Thomas is so convinced of the wisdom of his approach to originalism that he rejects practically the whole canon of constitutional law.

Thomas is so cut off on the Court, even from his fellow-conservatives. He doesn’t respect the Court’s precedents. He is so convinced of the wisdom of his approach to the law that he rejects practically the whole canon of constitutional law. It’s an act of startling self-confidence, but a deeply isolating one as well. Even his ideological allies, who mostly come out the same way on cases, recognize that they must dwell within the world that their colleagues and predecessors created. Thomas, in contrast, has his own constitutional law, which he alone honors and applies.

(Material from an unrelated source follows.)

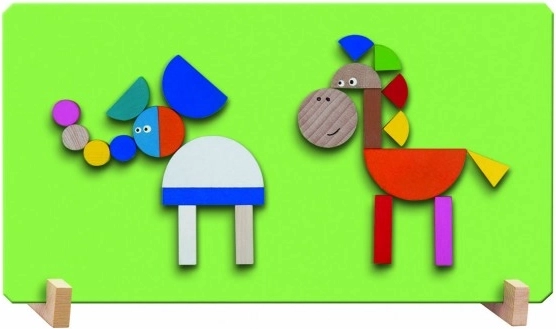 Upravljanje z oblikami, njihovo obračanje in polaganje na magnetno tablo krepi koordinacijo oko–roka ter uči otroke prepoznavati barve in oblike.
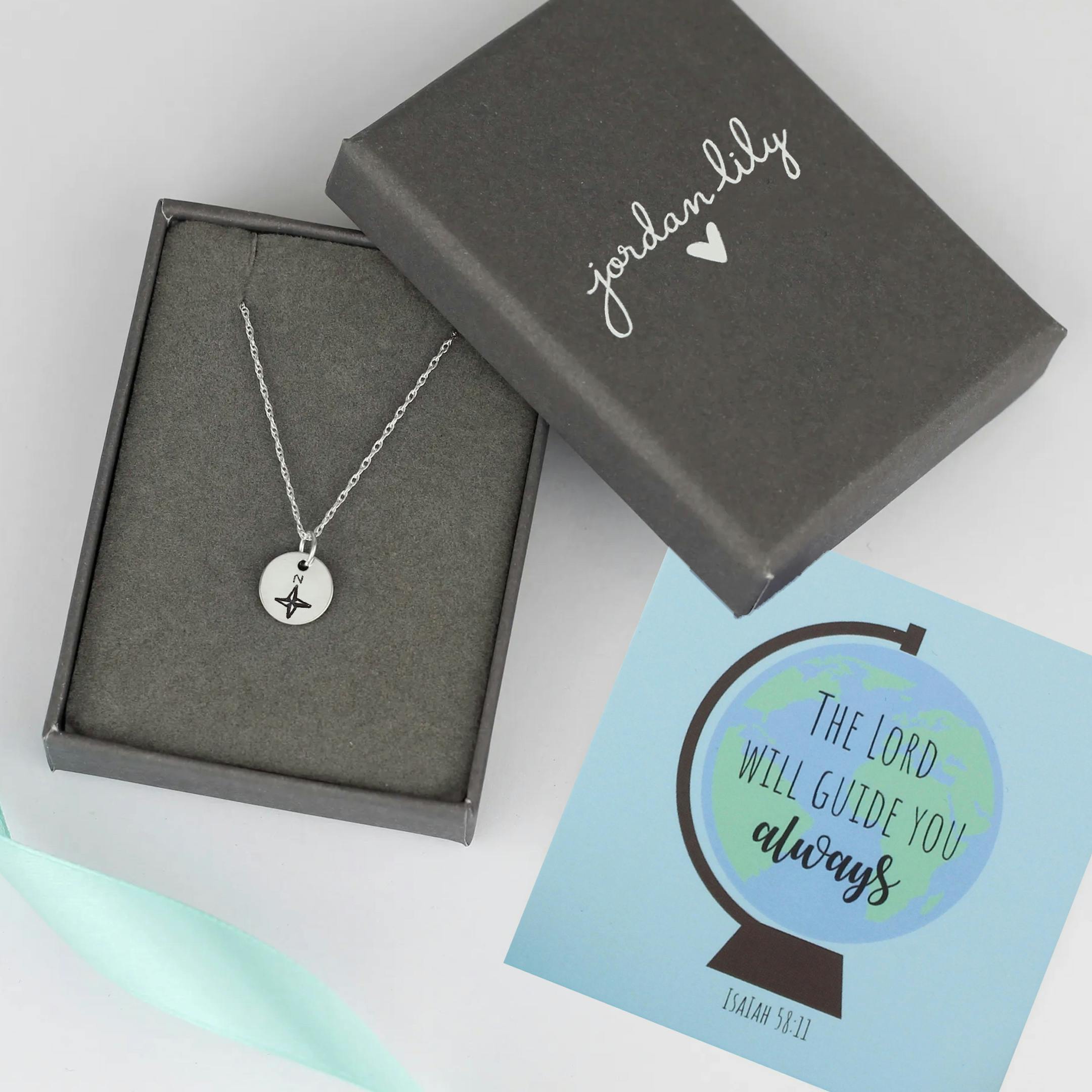 Hand-stamped sterling silver compass necklace, on a 16" chain. Accompanying verse card reads: "The Lord will guide you always".

Thomas just turned sixty-eight years old, and reports of his impending retirement briefly surfaced before his wife shot them down as “bogus.” Indeed, it is difficult to imagine that Thomas would allow any Democrat to choose his successor. Shortly after Scalia died, Thomas asked his first question in oral argument in more than a decade, but it’s highly unlikely that he will take on Scalia’s role as the pugnacious conservative in the Court’s public sessions. Rather, Thomas will continue his own way, increasingly alone, as the Court, for the first time in two generations, moves to the left. As for Thomas’s place on the Court, it’s difficult to improve on Scalia’s analysis, which I heard him give at a synagogue a decade ago. Scalia was asked about how his judicial philosophy differed from Thomas’s. “I’m an originalist,” Scalia said, “but I’m not a nut.”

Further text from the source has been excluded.